What your new custom loss function can do:

# unpack y_pred to extract lambda_layer_output and the output from your last Dense layer
loss_t = tf.reduce_mean(tf.square(y_true - output_from_your_last_dense_layer)) + lambda_layer_output 
1 Like

I appreciate your help. Thanks so much.

You are welcome @Nasim_Deljouyi!

Hi @rmwkwok. I have rebuilt my model using functional API as follows:

input_1 = keras.Input(shape=(n2,))
input_2 = keras.Input(shape=(n2,))
dense_1 = layers.Dense(16, activation = ‘relu’)(input_1)
dense_2 = layers.Dense(64, activation = ‘relu’)(dense_1)
dense_3 = layers.Dense(128, activation = ‘relu’)(dense_2)
dense_4 = layers.Dense(64, activation = ‘relu’)(dense_3)
output = layers.Dense(25, activation = ‘relu’)(dense_4)

However, I have some questions. Can you please elaborate steps 1.c to 1.e a little more? I got confused. Shouldn’t a lambda layer be in the format of " tf.keras.layers.Lambda(custom function)(inputs) "? The custom function is what you wrote at the end of the reply; does it return lambda_layer_output? Therefore, I don’t need to define a custom loss function anymore?
And I don’t need to pass input 2 to dense_1 to dense_4, right?

Hello @Nasim_Deljouyi

If you read carefully, there are two functions and none of them alone can totally replace your loss function.

I believe I have written down pretty clearly that there will be a lambda function, and there will be a loss function.

it makes sense to return something, and do you need to return lambda_layer_output?

I don’t understand how you come to that conclusion.

I think you will need to figure it out yourself. Think why you need input 2, and where you want to use it.

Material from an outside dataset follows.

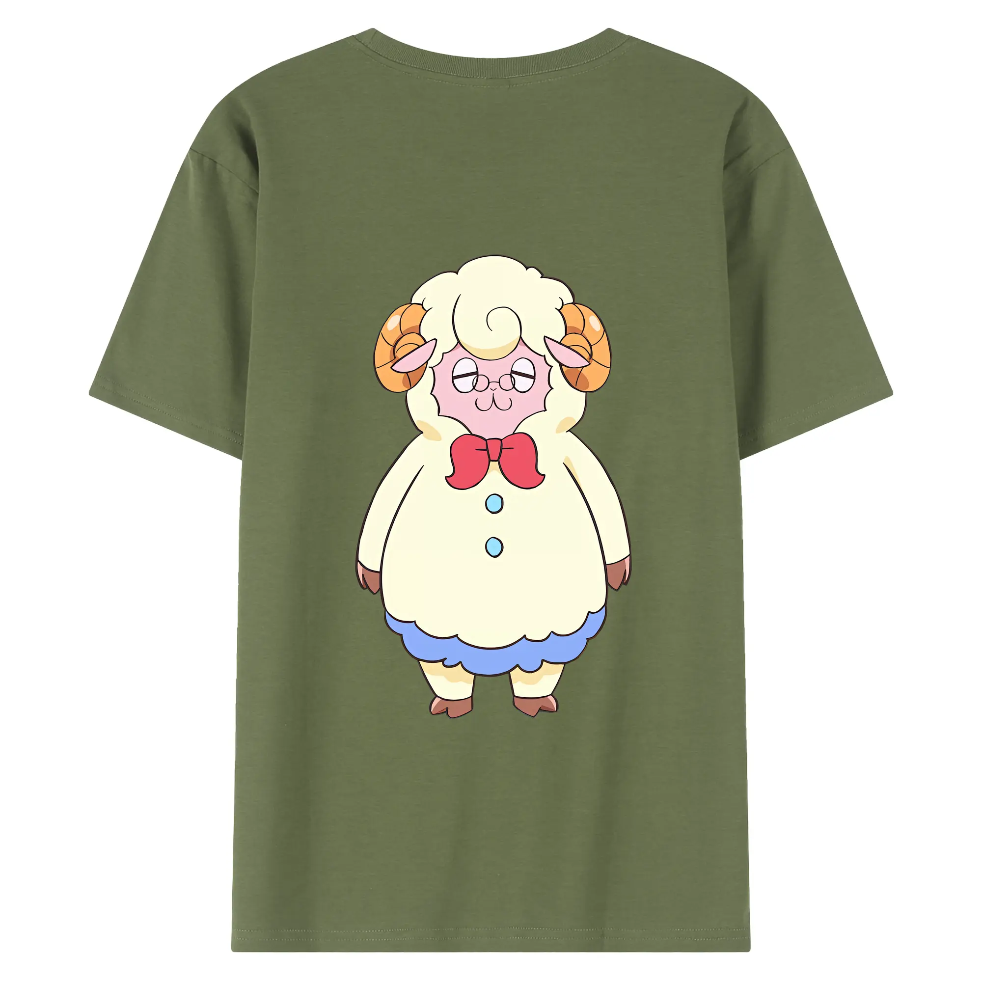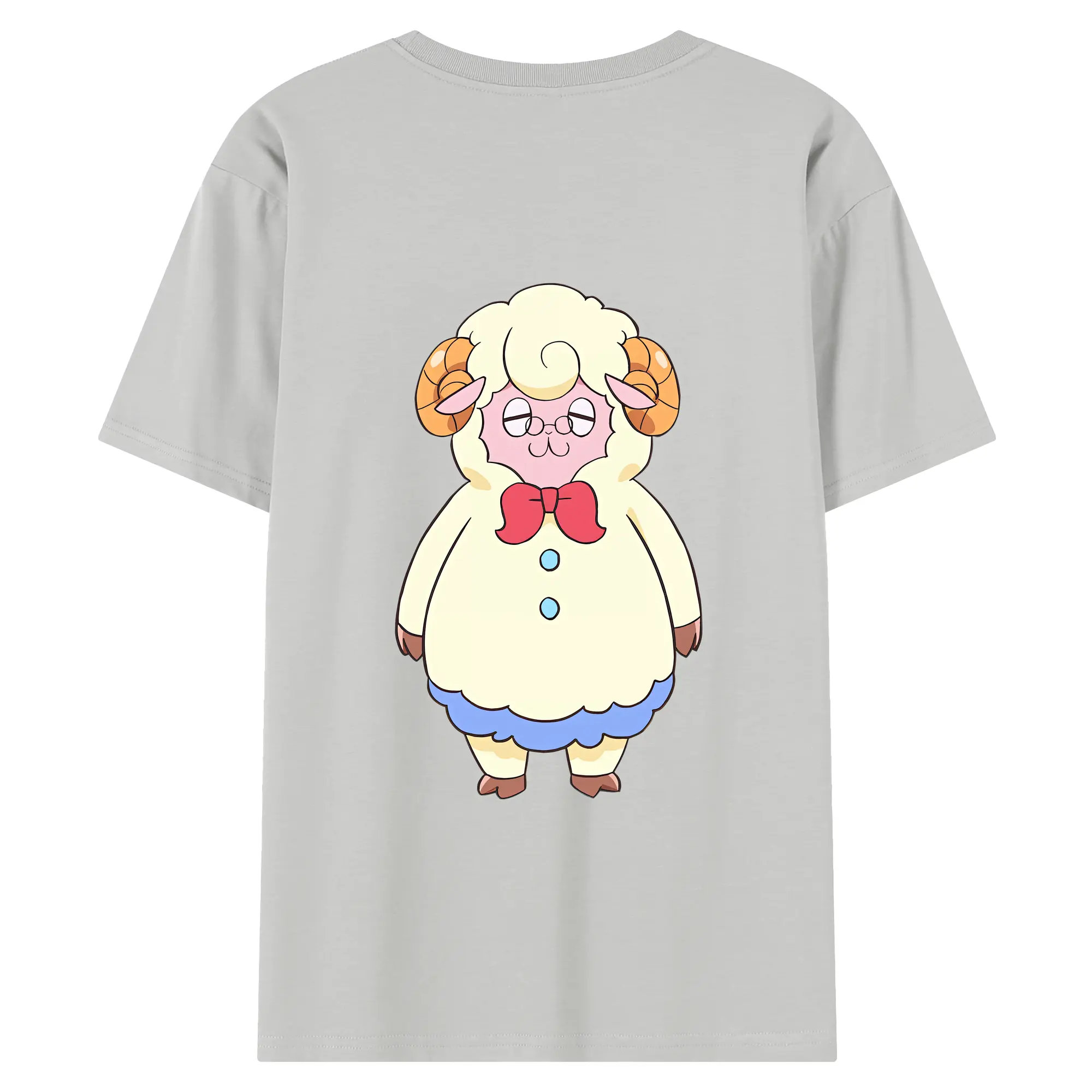 わんだふるぷりきゅあ グッズ メエメエ - 綿100% ヴィンテージ風 半袖Tシャツ ・ 背面プリント ・ 柔らか肌触り ・ 通気性 快適 ・ スポーツ カジュアル 外出用

@Nasim_Deljouyi, the approach I share with you will let you supply a small batch of X_loss each time, since you want to do it mini-batch wise. However, you will still need to figure out how to connect all the dots up. Good luck!

Cheers,
Raymond

Thanks so much for the clarification.

Best,
Nasim

Hi Raymond. I hope you are doing well.
If you recall, you suggested this approach for training models that incorporate the input of training examples into the loss function in a mini-batch-wise manner. I have implemented this approach and another approach to do so, and I get the same results from both when using a fixed seed for the random number generators. However, when I set the batch size equal to the number of training examples, I got the same results from both approaches but different from the approach I previously used and provided here, in which X_loss was assumed to be constant and was only able to work for the batch size equal to the training examples. I was wondering if you or anyone here has dealt with this issue before and can help me with it.